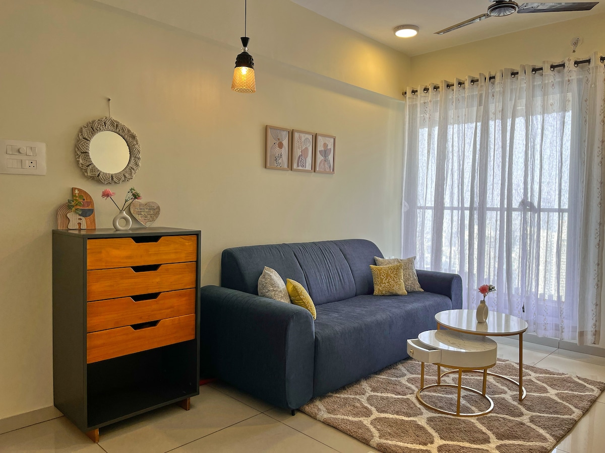 Simple minimalistic living.All spaces have neutral tones.Lighting is done to illuminate the space nice & bright but not to hit your eyes directly.The pool, gym and sauna can rejuvinate you, along with a kids play area for your child.We have a mountain view overlooking lush greenary.Rainy days are treat to eyes.King size bed and king size sofa bed for better comfort. It was furnished for our own stay, so enjoy and take care of our small cozy apartment as your own. Mi Casa , Su Casa !!
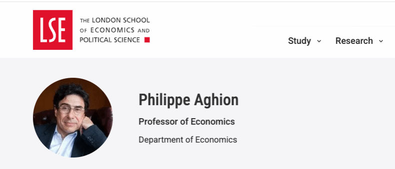 Philippe Aghion,现任法国科学院、欧洲工商管理学院以及伦敦政治经济学院的教授。他是计量经济学会和美国艺术与科学院的院士。他的研究主要集中在经济增长领域。以下为其在伦敦政治经济学院官网的介绍:
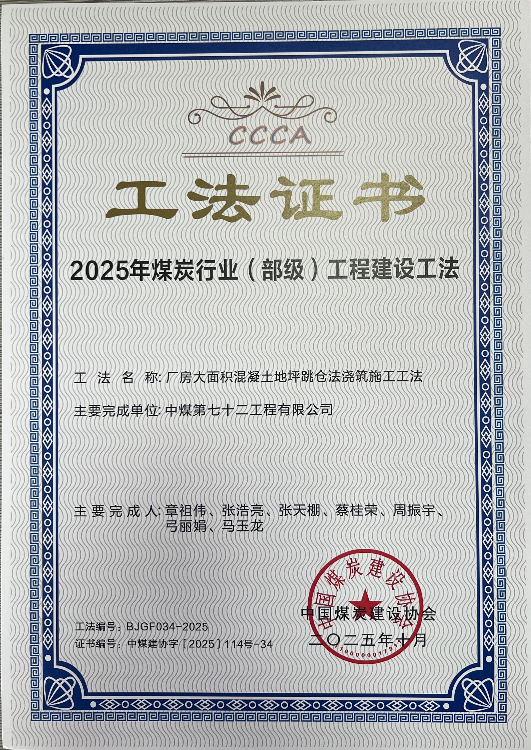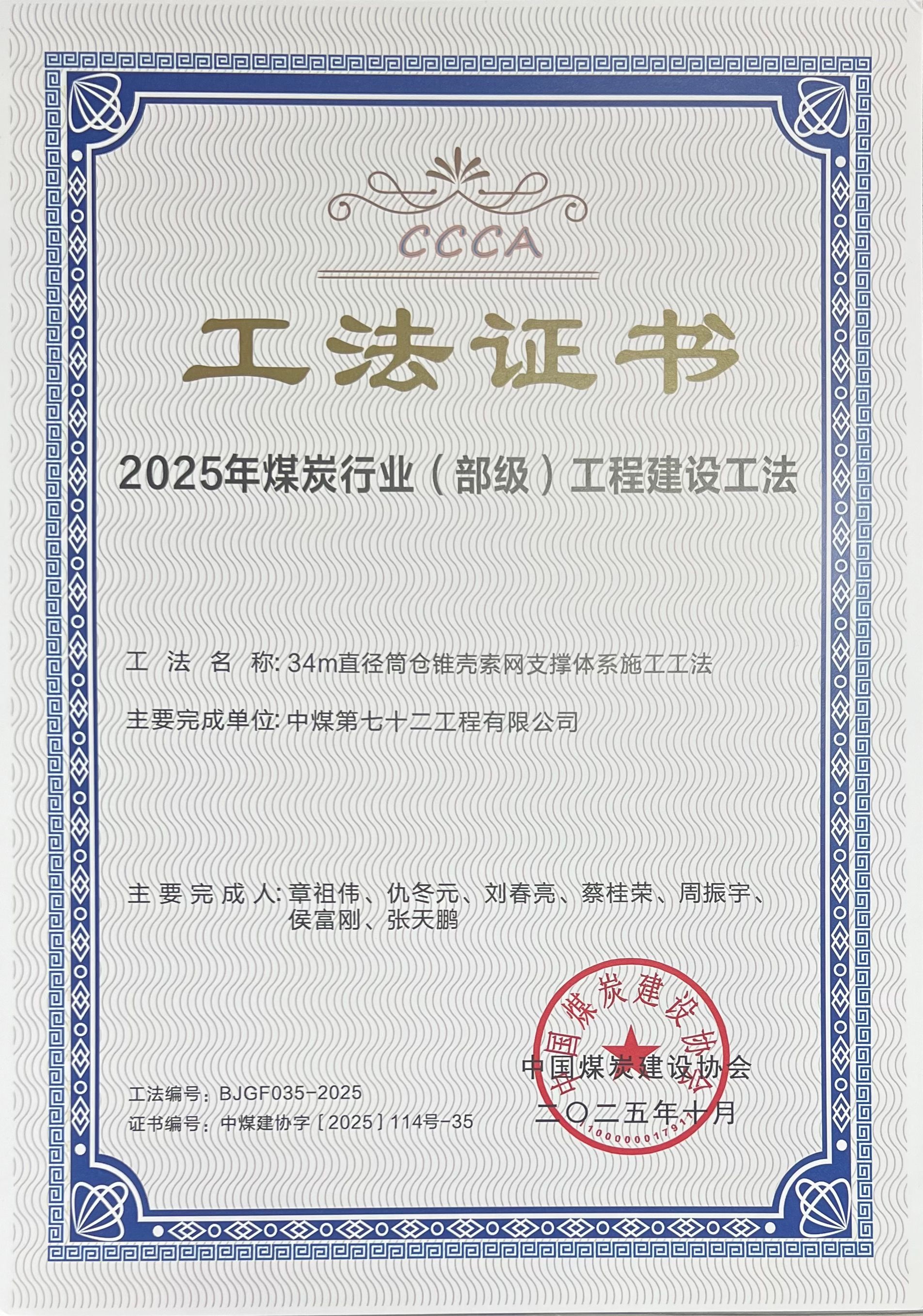 近日,七十二公司3项工法获得2025年煤炭行业(部级)工程建设工法,分别为《厂房大面积混凝土地坪跳仓法浇筑施工工法》《34m直径筒仓锥壳索网支撑体系施工工法》《复杂地势山区大跨度双线输煤管带机栈桥施工工法》。

◆ Prompt ◆
Write the data out again word for word; leave the pictures behind.

◆ Answer box ◆
 Simple minimalistic living.All spaces have neutral tones.Lighting is done to illuminate the space nice & bright but not to hit your eyes directly.The pool, gym and sauna can rejuvinate you, along with a kids play area for your child.We have a mountain view overlooking lush greenary.Rainy days are treat to eyes.King size bed and king size sofa bed for better comfort. It was furnished for our own stay, so enjoy and take care of our small cozy apartment as your own. Mi Casa , Su Casa !!
 Philippe Aghion,现任法国科学院、欧洲工商管理学院以及伦敦政治经济学院的教授。他是计量经济学会和美国艺术与科学院的院士。他的研究主要集中在经济增长领域。以下为其在伦敦政治经济学院官网的介绍:
 近日,七十二公司3项工法获得2025年煤炭行业(部级)工程建设工法,分别为《厂房大面积混凝土地坪跳仓法浇筑施工工法》《34m直径筒仓锥壳索网支撑体系施工工法》《复杂地势山区大跨度双线输煤管带机栈桥施工工法》。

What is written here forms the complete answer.